Gymnopus menehune Desjardin, Halling et Hemmes, sp. nov.
Pileus 8-30 (-45) mm latus, late convexus vel plano-convexus, umbilicatus, translucens striatus vel ruguloso-striatus, hygrophanous, glaber, initio castaneus vel brunneus, dein pallide brunneus vel pallide brunneo-aurantiacus. Lamellae adnatae vel subdecurrentes, confertae vel densae, angustatae, albae vel pallide aurantio-albidae. Stipes 15-60 X 1-3 mm, centralis, terete vel compressus, aequalis, pruinosus vel pubescens, pallide brunneo-griseus, basi brunneus vel atrobrunneus; rhizomorphis albidus vel pallide aurantio-albidus. Odore raphanoideae. Basidiosporae 7.5-9.5 X 3.5-4.2 µm, subfusoideae, leves, hyalinae, inamyloideae, acyanophilae. Basidia 19-24 X 6-7 µm, 4-spora. Cheilocystidia numerosae, 22-42 X 6.5-10.0 µm, subcylindracea vel late clavata, 1-4 lobateae, hyalinae, tenuitunicatae. Pleurocystidia nulla. Hyphae pileipellis 2.5-5.5 µm latae, cylindraceae, diverticulae sparsis, pallide ochraceo-brunneus incrustatae. Caulocystidia 16-64 X 3-5 µm, irregulariter cylindraceae vel sinuosae. Fibulae praesentes. Dispersus vel subcaespitosus ad folia dejecta et detritum Casuarinae. HOLOTYPUS: Hawai`i, MacKenzie Beach State Park, 3 Aug. 1993, D. E.Desjardin 5866 (SFSU; ISOTYPUS: BISH, NY).

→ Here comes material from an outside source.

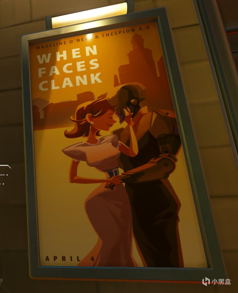 來自中城地圖的一張電影海報“When faces clank”(意即臉頰叮咚響)。海報位於中城進攻方A段出生點出門正對位置,電影講述的是一段人類與智械的戀情。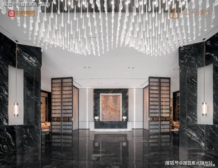 恢宏门庭顶序礼制,近6米高超五星级酒店式入户大堂,墙面甄选香格里拉酒店专用的黑荒料奢石,碧潭金沙的地面,背景墙以纯手工定制宋瓷官窑的手法打造独特的陶瓷挂画艺术品,营造出考究、厚重内敛的奢华感。

Pileus (Figs. 5, 6, 24) 8-30 (-45) mm diam, when young broadly convex to plano convex and often slightly umbilicate, expanding at maturity to campanulate or plane, umbilicate; margin decurved but soon becoming straight to uplifted and wavy, pellucid-striate to rugulo-striate; surface dull, moist to dry, hygrophanous, glabrous; reddish brown (8D7-8), dark brown (7E-F7 8) or brown (6-7E6-8) overall when young and moist or with a slightly paler margin, fading in age and with moisture loss to paler reddish brown (8D5-6), light brown (7D5-6; "hazel"), pale brownish grey (6C3) or pale brownish orange (5C4-5; "clay color"), and becoming beige to dingy tan when dried in situ. Context very thin (< 1 mm), watery concolorous with the surface, or white to buff. Lamellae ascending, adnate to subdecurrent, rarely shallowly adnexed, close to crowded with 4-6 series of lamellulae, narrow (1-2 mm), dingy buff to pale orange white (5A2) when young, remaining so in age or becoming pale greyish orange (5B3) or pale greyish brown (6C3); edges minutely pruinose, concolorous with the sides. Stipe 15-60 X 1-3 mm, central, terete or compressed and sometimes once-cleft, apex often flared, ±equal below or seldom gradually narrowed downward, pliant, tough, hollow; surface dull, dry, apex pruinose, base pubescent to tomentose; vestiture buff to pale orange white (5A2); ground color ranging from dingy buff to pale brownish grey (6C3) overall when young, hysterochroic, with base becoming brown (6-7E4-8) to dark brown (6-7F5-8) in age. Rhizomorphs copious, coarse, branched, white to pale orange white. Odor strong, like rancid radishes; taste somewhat sour, astringent.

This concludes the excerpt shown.